Dot product of vectors

[jpanknin]

The following shows two examples of vector multiplication to get the dot product. It's easy enough to understand the math, but what use/value is there for the single number that results? What does the answer (2 in the first example and the 4 in the second example) represent? I know it's used later to find the angle between the two vectors, but is there any application of the dot product itself? Can we geometrically or algebraically use the '2' and the '4' dot products to tell us anything else about the vectors? When you add, subtract, or multiply a vector by a scalar, the vector is transformed somehow. But I'm having trouble understanding the meaning of the dot product. Any help would be appreciated.

 

[ISTER_REG]

So what is the dot product? Here one multiplies component-wise the vectors and receives at the end a scalar (simplified said a number). E.g.:
[MATH]\vec{a} \circ \vec{b} = \begin{pmatrix} a_1 \\ a_2 \\ a_3 \end{pmatrix} \circ \begin{pmatrix} b_1 \\ b_2 \\ b_3 \end{pmatrix} = a_1b_1 + a_2b_2 + a_3b_3[/MATH]This number can indicate e.g. whether two vectors are orthogonal (90 degree angle), then this is 0. Besides the "normal" dot product, there exists also a standard dot product for complex numbers, important is here e.g. the conjugate complex!

 

[Dr.Peterson]

The various uses, generally connected to the angle as you mention, are enough; we could say that the dot product is valuable the way certain chemicals are valuable, as an intermediate material from which other things can be made, while being very easy to make itself.

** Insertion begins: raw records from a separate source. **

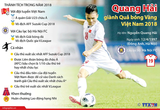Mới cùng đội tuyển bóng đá Việt Nam giành chức vô địch AFF Suzuki Cup 2018, tiền đạo Quang Hải đã xuất sắc giành danh hiệu Quả bóng Vàng Việt Nam năm 2018.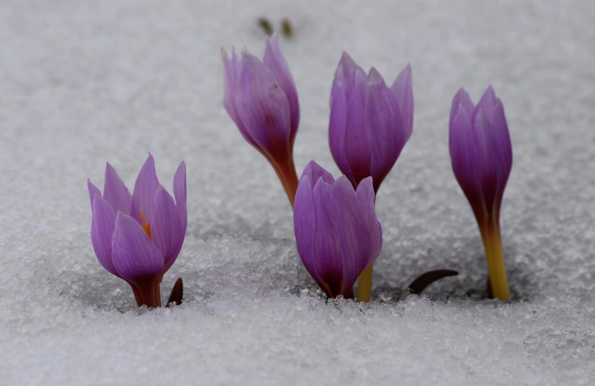 Baharın müjdecisi olarak bilinen kardelen, çiğdem ve farklı türlerdeki çiçekler kar altında kaldı.
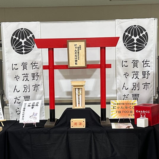 看板猫のタマちゃんヒメちゃんで知られる栃木県佐野市にある賀茂別雷神社の分社として会場内に祀られた神社が登場。愛猫の健康と幸せを願って御祈祷した御朱印、御守、猫御守、絵馬、御朱印帳などをにゃんだらけ会場限定で授与します。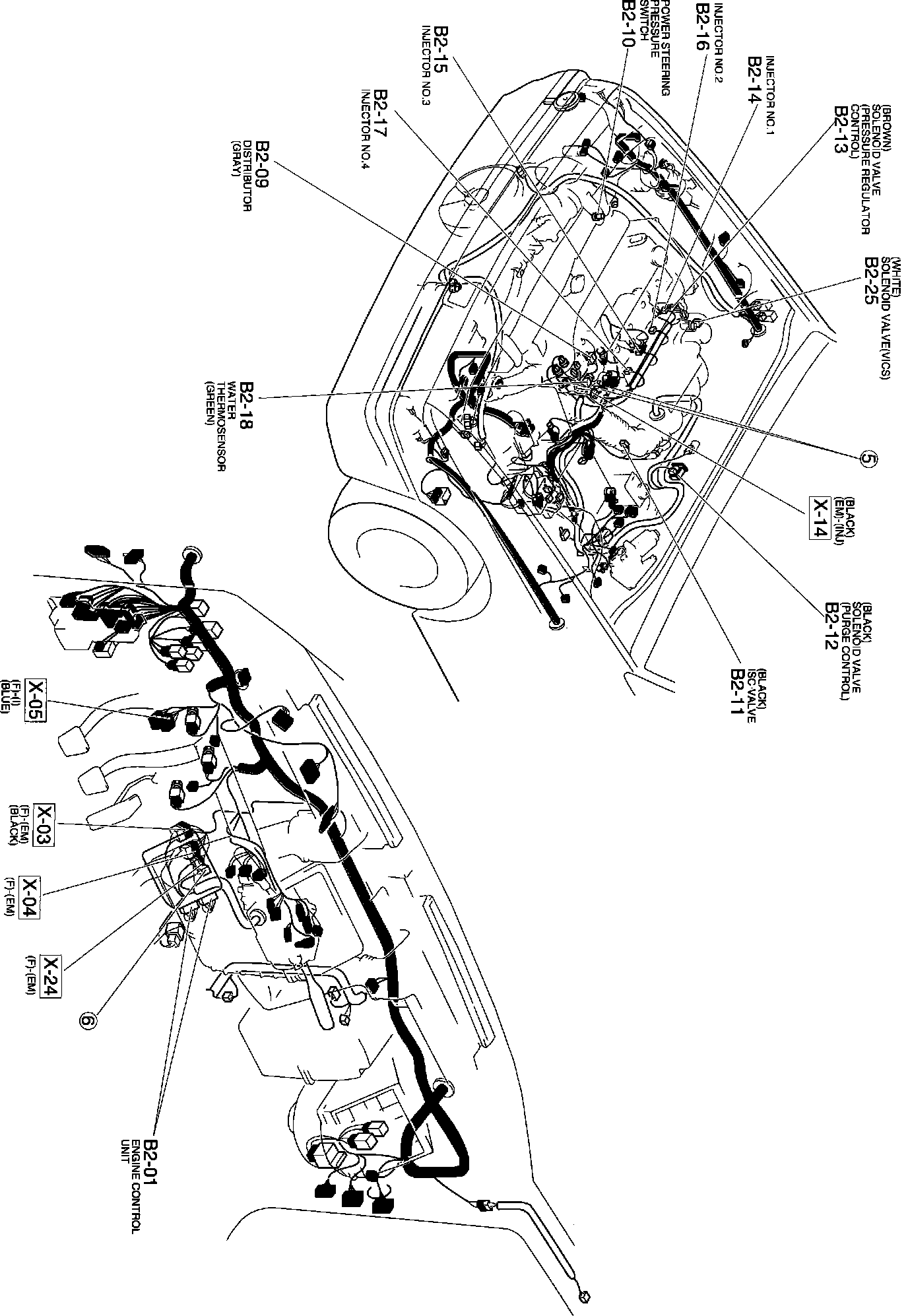Engine Control System. A/T. Harness And Connector Locations 2 Of 3:

The simplest description I know of for the dot product itself is that it is the product of the projection of either vector on the other, times the magnitude of the other. So it is just a product of the two magnitudes, taking into account the angle between them.

 

[Zermelo]

For this exact reason, in beginner's Linear Algebra class, we defined the dot product a little differently (in R^2), the way Dr Peterson described. If a and b are vectors, [MATH]a \cdot b = \lvert a \rvert \lvert b \rvert \cos{(\angle (a,b)) }[/MATH]. Aka, the dot product is the product of their intensity and the cosine of the angle between them. Now you can use the dot product to figure out the projection of one vector to another, to find the angle between them etc etc. What makes this great is that you can prove that these definitions are equivalent, and that the dot product is really easy to compute! So if you know what the vectors are, it would really be a pain to compute the angle between them "by hand". But using the dot product, we can figure out [MATH]\lvert a \rvert = \sqrt{a \cdot a}[/MATH], and when we find the vector's intensities, we can easili solve for the angle between them. Also, watch this video (I recommend the whole series actually) for a visual intuition:

 

[lex]

 

[HallsofIvy]

Again, \(\displaystyle u\cdot v= |u||v| cos(\theta)\) where \(\displaystyle |u|\) and \(\displaystyle |v|\) are the lengths of the vectors u and v (Zermelo use the word "intensity" which would certainly apply if these were force vectors or light vectors.) and \(\displaystyle \theta\) is the angle between two angles. One important application of the dot product concerns the fact that if \(\displaystyle \theta\) is 90 degrees or \(\displaystyle \pi/2\) radians (i.e. if u and v are perpendicular) then \(\displaystyle cos(\theta)= 0\). Two vectors, u and v, are perpendicular if and only if \(\displaystyle u\cdot v= 0\).

 

[pka]

Suppose that \(\vec{a}~\&~\vec{b}\) are two vectors which are neither perpendicular nor parallel (i.e.\(\;\;\vec{a}\cdot\vec{b}\ne0~\&~\vec{a}\ne\alpha\vec{b}\))
In that case, the vector \(\vec{a}\) is equal to the sum of a vector parallel to \(\vec{b},\;\vec{b}_{\|}\) and a vector perpendicular to \(\vec{b},\;\;\vec{b}_{\bot }\).
They are \(\vec{b}_{\|}=\frac{\vec{a}\cdot\vec{b}}{\vec{b}\cdot\vec{b}}\vec{b}~\&~\vec{b}_{\bot }=\vec{b}-\vec{b}_{\| } \)